If the garbage was the icing on the cake, a rusted out car wreck was the cherry on top. Alissa and I observed with some interest that an informal trail had been formed leading to the car - it is obviously a major landmark of this walk!



After the car wreck, the trail leads back to the Channel 10 Tower.



The track runs alongside the same stretch of fence encountered earlier and leads back to the point where we first saw the Channel 10 Tower in all its glory. From this point, we saw markers that were cleverly designed to only be seen from this direction pointing us to to turn left rather than return back to our car. 



Turning left lead us into Korung National Park, signposted by the appearance of another rusted out car wreck left in the middle of the track. Although some stretches of Korung National Park seen along the Mason & Bird Walk Trail are quite beautiful, this was definitely not one of the best sections of the park - compared to John Forrest National Park (or even Kalamunda National Park for that matter), it is almost laughable that this is area is worthy of the term 'national park' when there are many other more beautiful parts of the state that are not designated as such. 
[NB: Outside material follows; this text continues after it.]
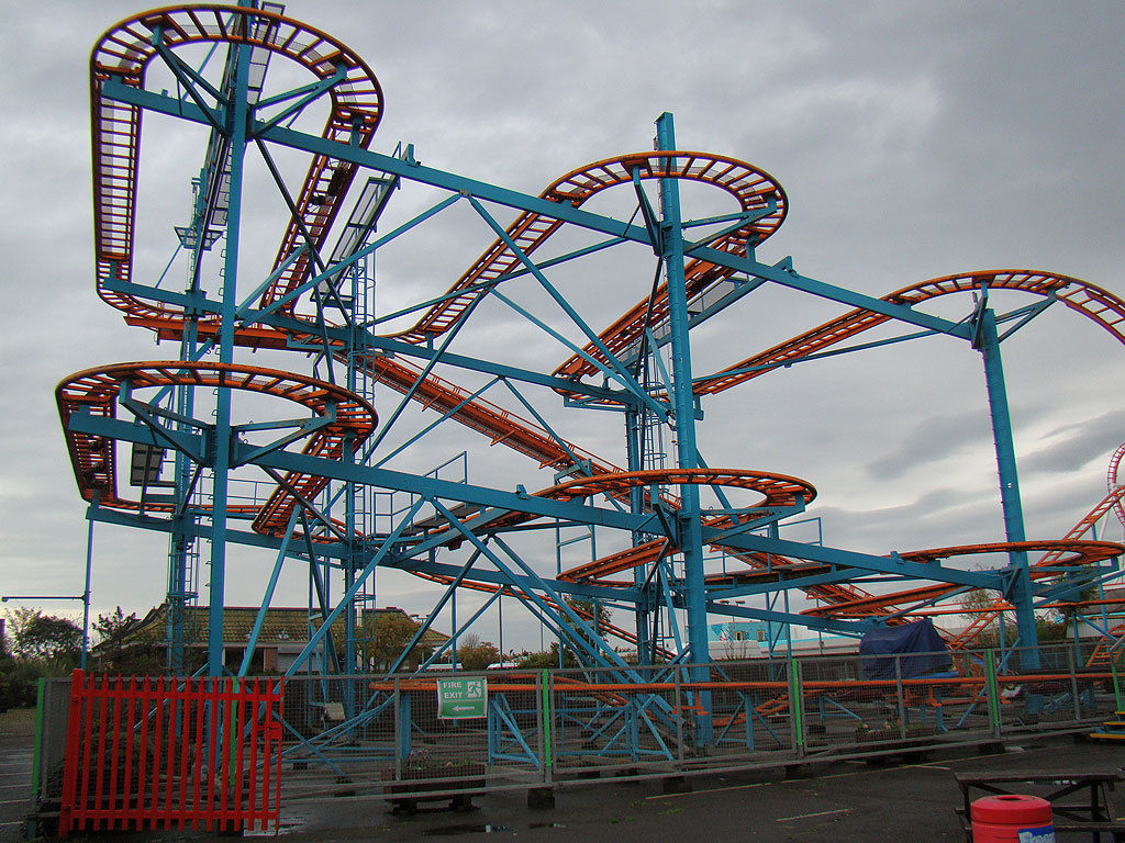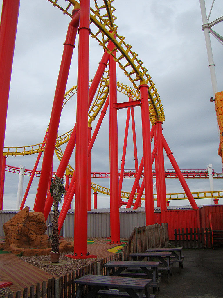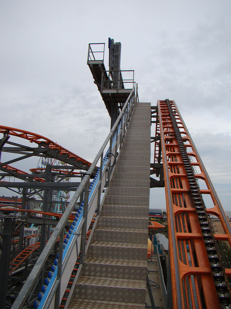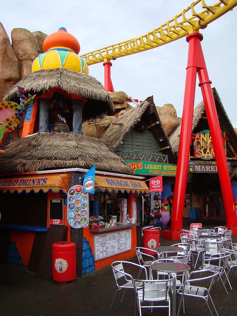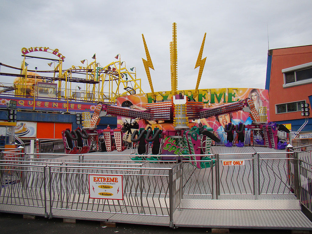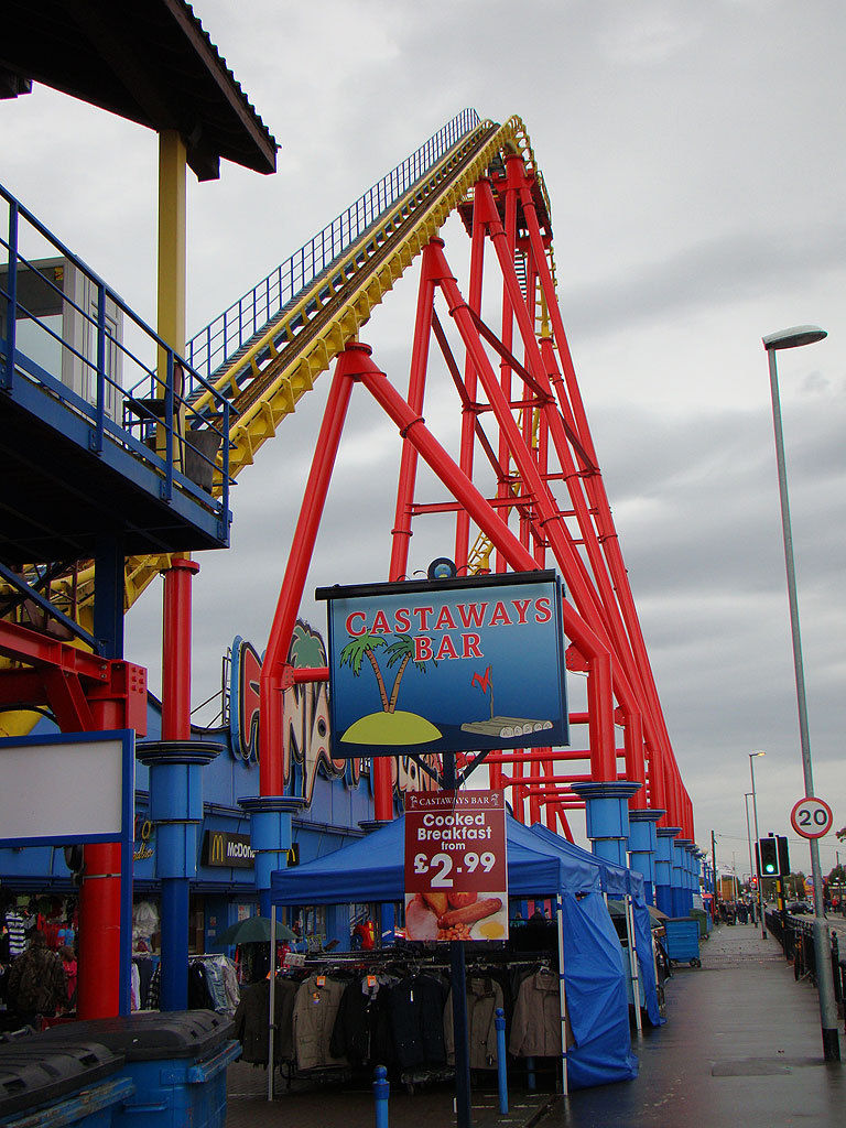 Pünktlich um 12Uhr öffneten dann die Tore vom Pleasure Beach und ich habe mir ein Wristband gekauft und die Coaster, Riesenrad und Darkride abgeklappert. Eigentlich hätte ich gerne auf Jubilee Odyssey in Fantasy Island meinen 400. Count gefeiert, aber das ging hald so nicht, so musste Rock'n Roller dafür herhalten. Und ich muss sagen, das Teil hatte den totalen Drehwurm und es war doch noch ein würdiger 400. Bei Queen Bee fehlte leider nicht nur ein Stück Schiene sondern auch gleich der ganze Zug. Schade, ich wäre gerne mal einen Inverted Big Apple gefahren.
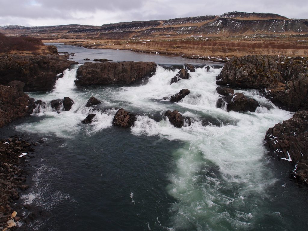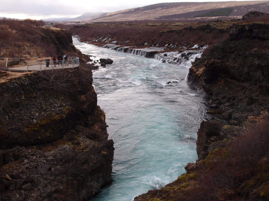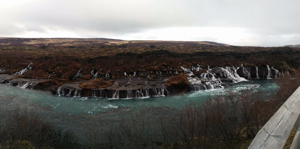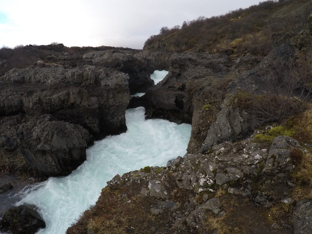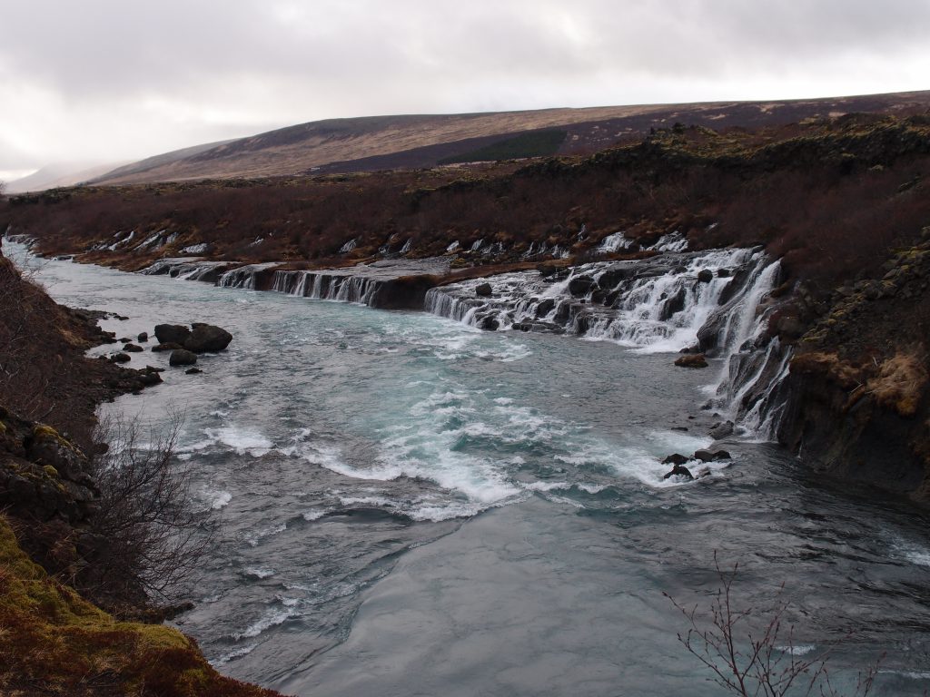 Abschließend besichtigten wir die Hraunfossar. Hunderte kleine Wasserfälle kommen hier aus dem Lavagestein, ohne dass darüber ein Fluss erkennbar ist.

The last major feature is a section of trail that circumnavigates an old clay pit. These are similar to the clay pits seen along the Mason & Bird Trail, however I was surprised to see it filled with water this early in the hiking season, given that the clay pits along the Mason & Bird Trail are rarely a pool until later in the year. 



From there, it was an easy amble back to our car and the end of the walk. Alissa and I were not rushing at all given that I was taking photos, yet we were able to complete the 5 kilometres in about 40 minutes, giving us an average pace of 7.5 kilometres/hour (though I question the accuracy of the 5 kilometre length).

What to make of this walk? I had very low expectations going into this walk, and while not disappointing it was about on par with what I expected from it. It definitely the least impressive walk I've written up to date, with its primary distinguishing features being a broadcasting tower and evidence of the littering tendencies of bogans who don't seem to care very much for keeping Australia beautiful. While I think it is commendable that the Shire of Kalamunda offers so many walk trails for the people of Perth, I don't think this is one that people would miss very much if it were to go the way of the Kattomordo Heritage Trail.